[[ INFORMATION PROVIDED, beginning ]]
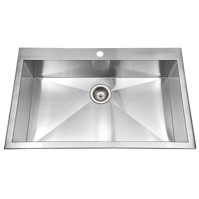 The Houzer BLS-3322 Bellus Series Topmount Zero Radius Large Single Bowl Sink is a smart, and easy upgrade for a laminate countertops without peer. Bellus series will sour your design palette to a new heights with pleasing simplicity when coupled with today's high performance laminate countertops. The Houzer BCS-3322 Bellus sink fabricated from heavy 18 gauge premium grade 304 stainless steel and features one hole, zero radius corners and bottoms, bold foundational feel to its raised rim and 4 inch back ledge, rear-set drain, scored drain-lines, exclusive MegaShield insulation. Overall size is 33 inc by 22 inch and bowl measures 30.5 inch by 16.75 inch and 9 inch depth. Covered by a lifetime limited warranty that protects against defects in material and workmanship and meets ASME A112.19.3-2000, UPC and CSA standards. Fits 36 inch cabinets.
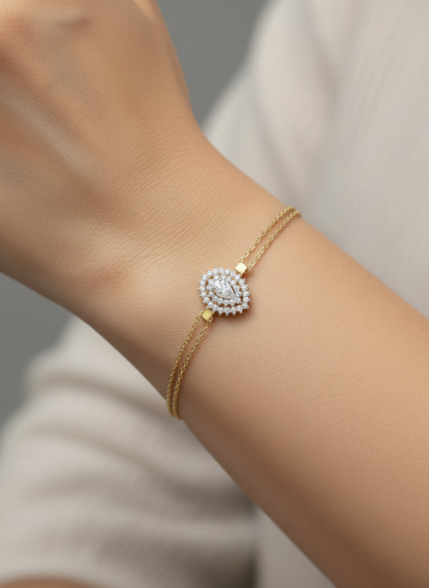 Ce bracelet délicat en or 18 carats, entouré d’un serti scintillant de zircons. Son design fin et moderne apporte une touche de caractère tout en restant élégant et discret. Avec ses 20 cm de longueur, il épouse parfaitement le poignet pour un rendu raffiné.
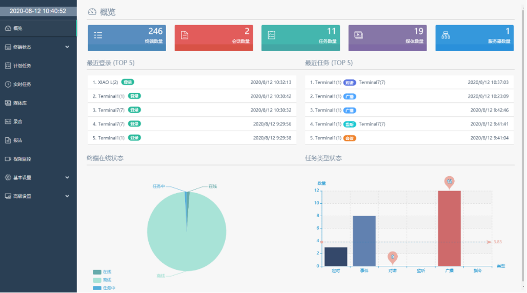 IP網絡音頻系統(tǒng)具有可視化的軟件管理平臺,具有“一張圖”綜合展示界面,可以一覽整個系統(tǒng)的運行情況,包括終端數量、終端運行統(tǒng)計、計劃任務數量、媒體文件數量、服務器數量等等。
[[ INFORMATION PROVIDED, end ]]
### PROBLEM DESCRIPTION
Pictures are to be omitted; otherwise, write out the data exactly as it appears.

### OUTPUT FOR THIS TASK
 The Houzer BLS-3322 Bellus Series Topmount Zero Radius Large Single Bowl Sink is a smart, and easy upgrade for a laminate countertops without peer. Bellus series will sour your design palette to a new heights with pleasing simplicity when coupled with today's high performance laminate countertops. The Houzer BCS-3322 Bellus sink fabricated from heavy 18 gauge premium grade 304 stainless steel and features one hole, zero radius corners and bottoms, bold foundational feel to its raised rim and 4 inch back ledge, rear-set drain, scored drain-lines, exclusive MegaShield insulation. Overall size is 33 inc by 22 inch and bowl measures 30.5 inch by 16.75 inch and 9 inch depth. Covered by a lifetime limited warranty that protects against defects in material and workmanship and meets ASME A112.19.3-2000, UPC and CSA standards. Fits 36 inch cabinets.
 Ce bracelet délicat en or 18 carats, entouré d’un serti scintillant de zircons. Son design fin et moderne apporte une touche de caractère tout en restant élégant et discret. Avec ses 20 cm de longueur, il épouse parfaitement le poignet pour un rendu raffiné.
 IP網絡音頻系統(tǒng)具有可視化的軟件管理平臺,具有“一張圖”綜合展示界面,可以一覽整個系統(tǒng)的運行情況,包括終端數量、終端運行統(tǒng)計、計劃任務數量、媒體文件數量、服務器數量等等。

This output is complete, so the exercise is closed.